Exercise description:
The data below is to be transcribed word for word; pictures are to be excluded.

Information supplied:
====

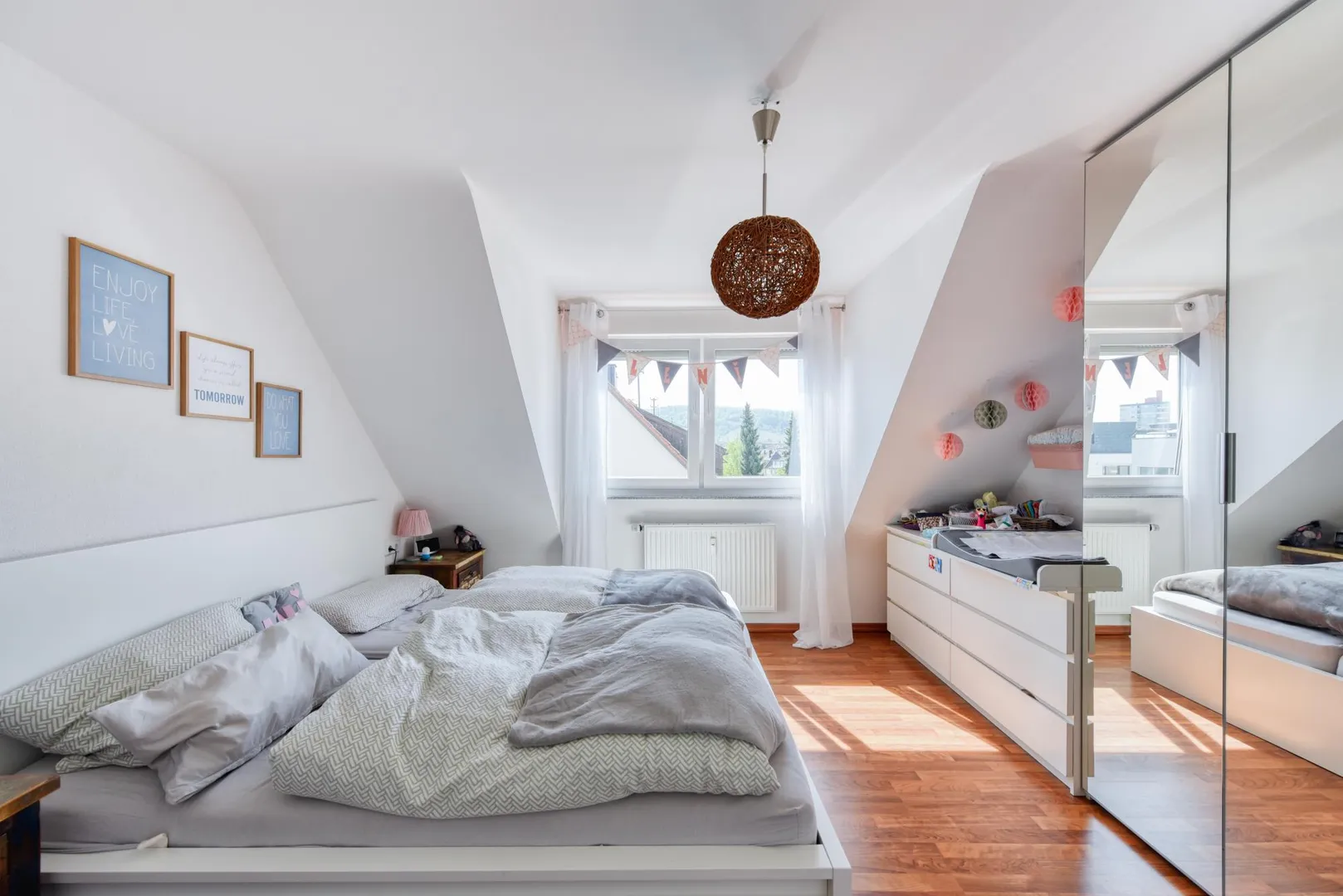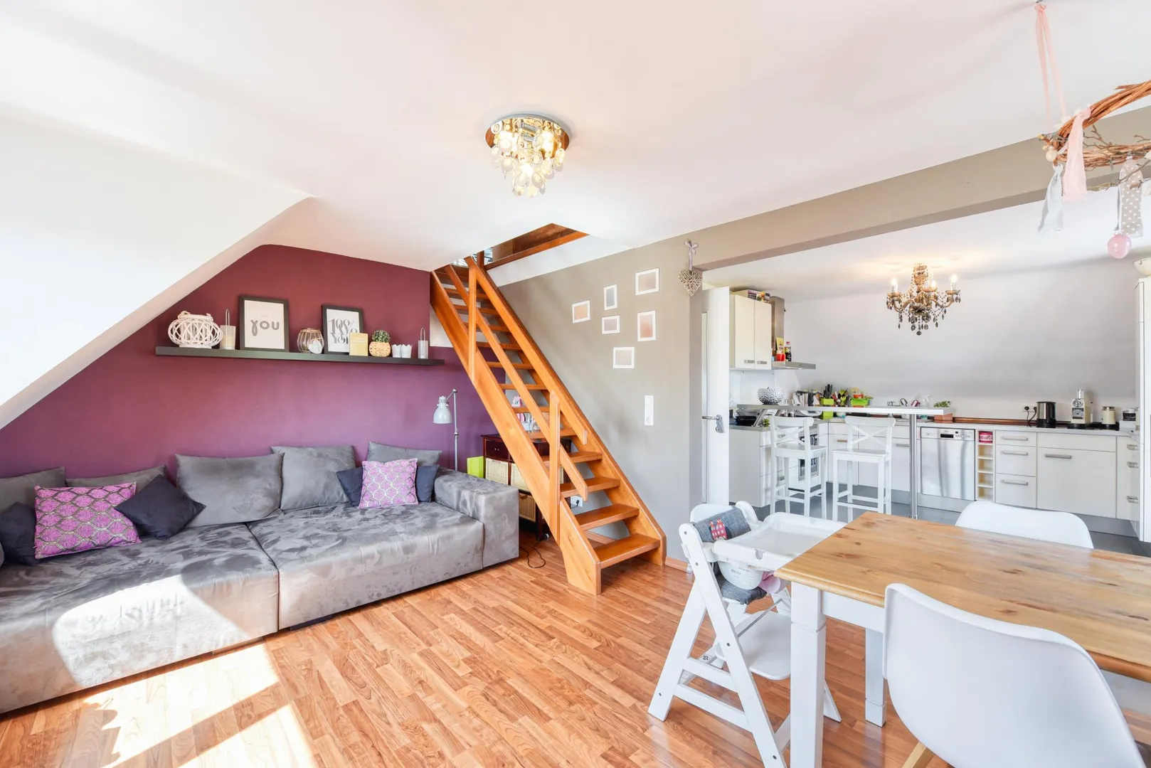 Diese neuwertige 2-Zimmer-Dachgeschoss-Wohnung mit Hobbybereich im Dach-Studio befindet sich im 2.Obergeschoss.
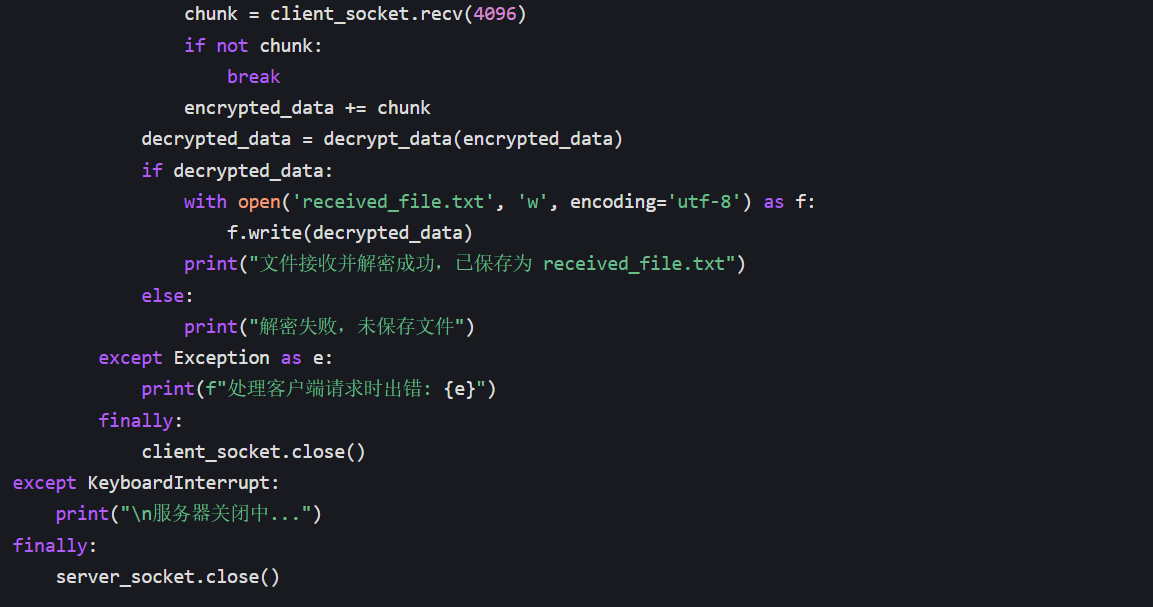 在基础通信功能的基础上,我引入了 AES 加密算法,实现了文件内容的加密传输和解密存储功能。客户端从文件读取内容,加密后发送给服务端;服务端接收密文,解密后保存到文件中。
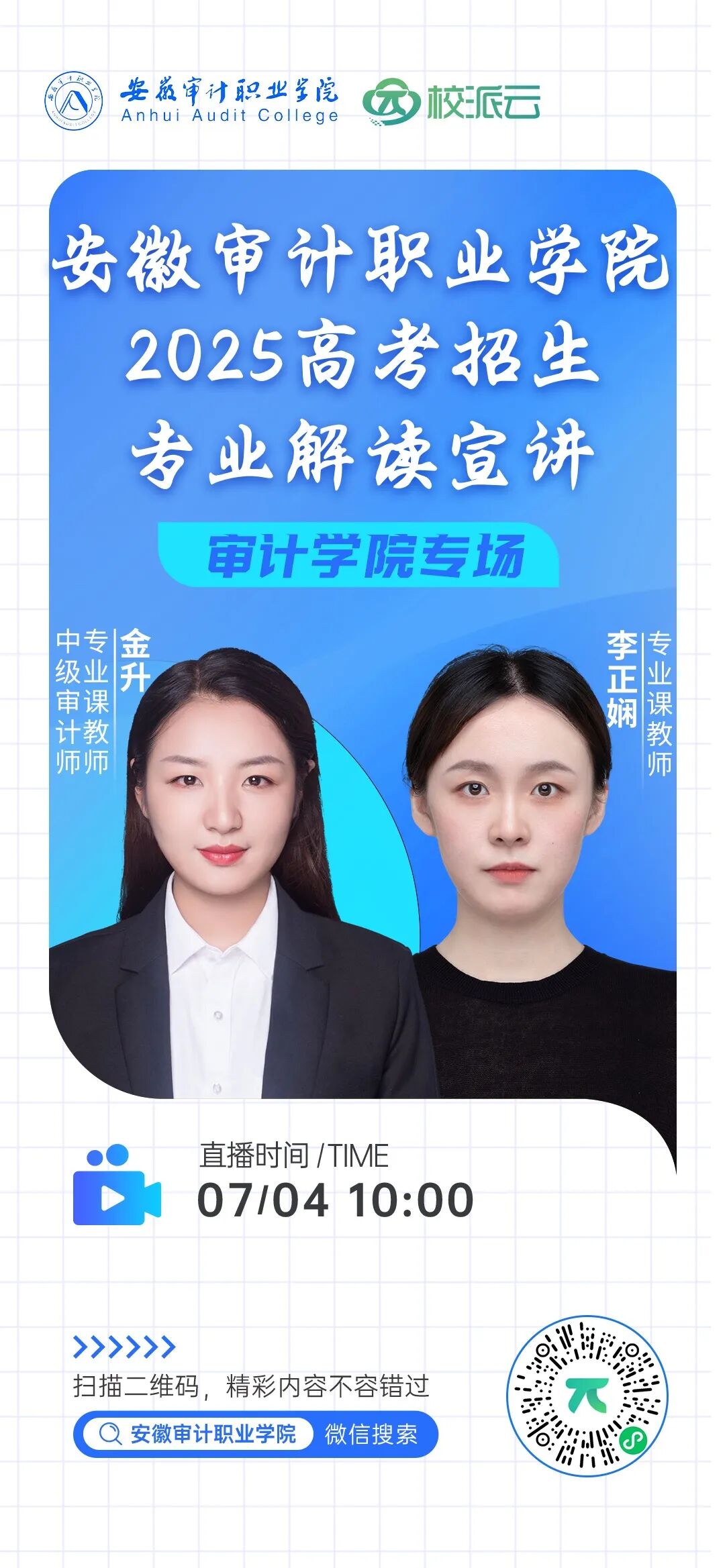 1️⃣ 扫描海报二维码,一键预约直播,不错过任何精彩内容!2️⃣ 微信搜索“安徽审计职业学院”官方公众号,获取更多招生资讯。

====

Solution for this task:
 Diese neuwertige 2-Zimmer-Dachgeschoss-Wohnung mit Hobbybereich im Dach-Studio befindet sich im 2.Obergeschoss.
 在基础通信功能的基础上,我引入了 AES 加密算法,实现了文件内容的加密传输和解密存储功能。客户端从文件读取内容,加密后发送给服务端;服务端接收密文,解密后保存到文件中。
 1️⃣ 扫描海报二维码,一键预约直播,不错过任何精彩内容!2️⃣ 微信搜索“安徽审计职业学院”官方公众号,获取更多招生资讯。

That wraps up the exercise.